GENERAL ADDITIONAL CONDITIONS FOR A BOUNDARY-VALUE PROBLEM WITH OBLIQUE DERIVATIVE

(Presented by Academician A. N. Kolmogorov, 21 IX 1965)

1. Let \(E\) be a plane domain bounded by a closed contour \(L\), and let \(v(z)\) be a smoothly varying vector field on \(L\). We shall call a point \(\gamma \in L\) exceptional if the projection of the vector \(v(z)\) onto the inward normal to \(L\) changes sign at the point \(\gamma\). We shall say that a function \(u(z)\) satisfies the boundary condition \(\mathcal A\) if at every nonexceptional point \(z\) of the contour \(L\) the derivative of \(u\) in the direction \(v(z)\) is equal to zero. We are interested in solutions of the heat equation \(d u_t(z)/dt = \Delta u_t(z)\) in the domain \(E\), satisfying the initial condition \(u_0(z)=f(z)\) and the boundary condition \(\mathcal A\). More precisely, our problem is to describe the general form of the additional conditions which, together with the initial and boundary conditions, determine a unique solution \(u_t(z)\) of the heat equation, with: a) \(u_t(z) \geq 0\) if \(f(z) \geq 0\); b) \(\|u_t\| \leq \|f\|\) (by \(\|f\|\), here and below, is meant \(\sup |f(z)|\) on the union \(E^*\) of the domain \(E\) and the set of all nonexceptional points of the contour \(L\)).

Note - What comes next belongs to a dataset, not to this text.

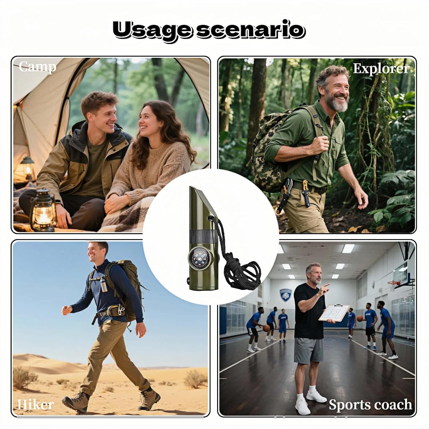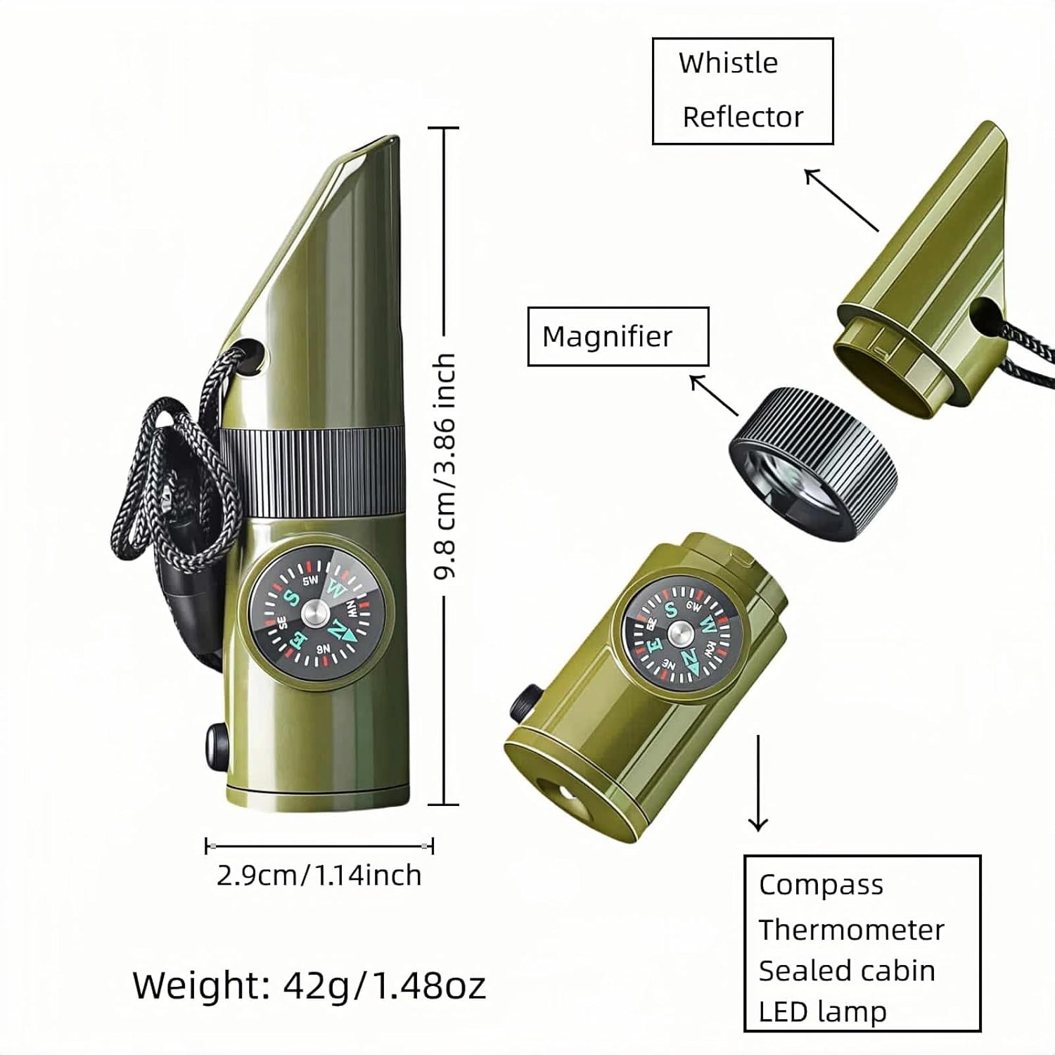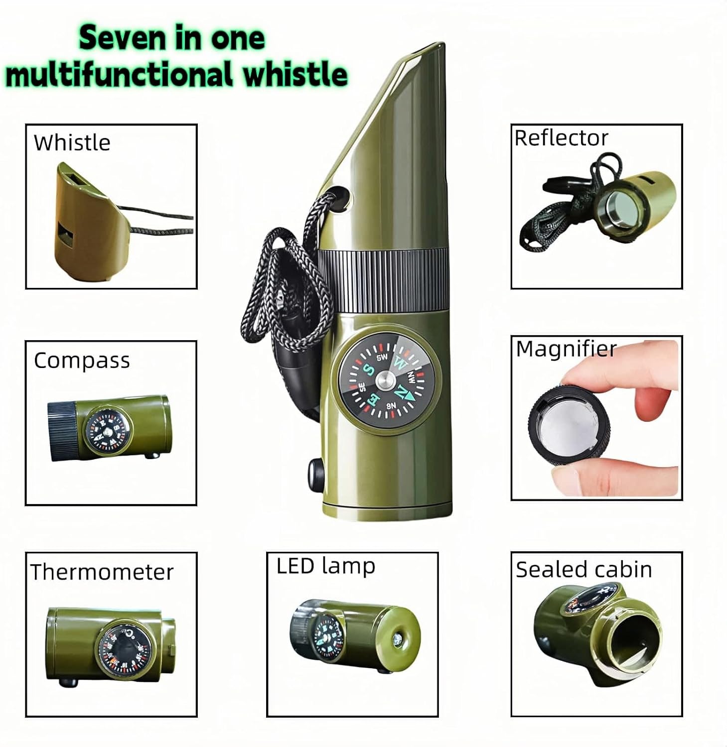 🔥 120dB Lifesaving Whistle + 7-in-1 Survival Kit Crystal-loud whistle cuts through storms (louder than screams!) when drowning. All-in-1 emergency tool: LED flashlight, magnifying fire starter, signal mirror, compass, thermometer & waterproof pill capsule. Unbreakable ABS withstands drops/heat. Save space, save lives.

In the language of the theory of semigroups of operators, the problem can be formulated as follows. Let \(B(E^*)\) be the set of all bounded Borel functions on \(E^*\), and let \(D\) be the totality of all functions in \(B(E^*)\) having continuous, in the Hölder sense, first partial derivatives in \(E^*\), continuous, in the Hölder sense, second partial derivatives in \(E\), and satisfying the boundary condition \(\mathcal A\). Consider, on the domain \(D\), the Laplace operator \(\Delta\), and denote by \(\mathfrak A\) its \(w\)-closure in \(B(E^*)\) . We shall call an \(\mathfrak A\)-semigroup a one-parameter semigroup \(T_t\) of linear operators in the space \(B(E^*)\) satisfying the conditions: a) \(T_t f \geq 0\) for \(f \geq 0\); b) \(\|T_t f\| \leq \|f\|\); c) the infinitesimal operator \(A\) of the semigroup \(T_t\) is a restriction of the operator \(\mathfrak A\); d) the \(w\)-closure of the set \(B_0(E^*)\) coincides with \(B(E^*)\) *. It is required to describe all \(\mathfrak A\)-semigroups.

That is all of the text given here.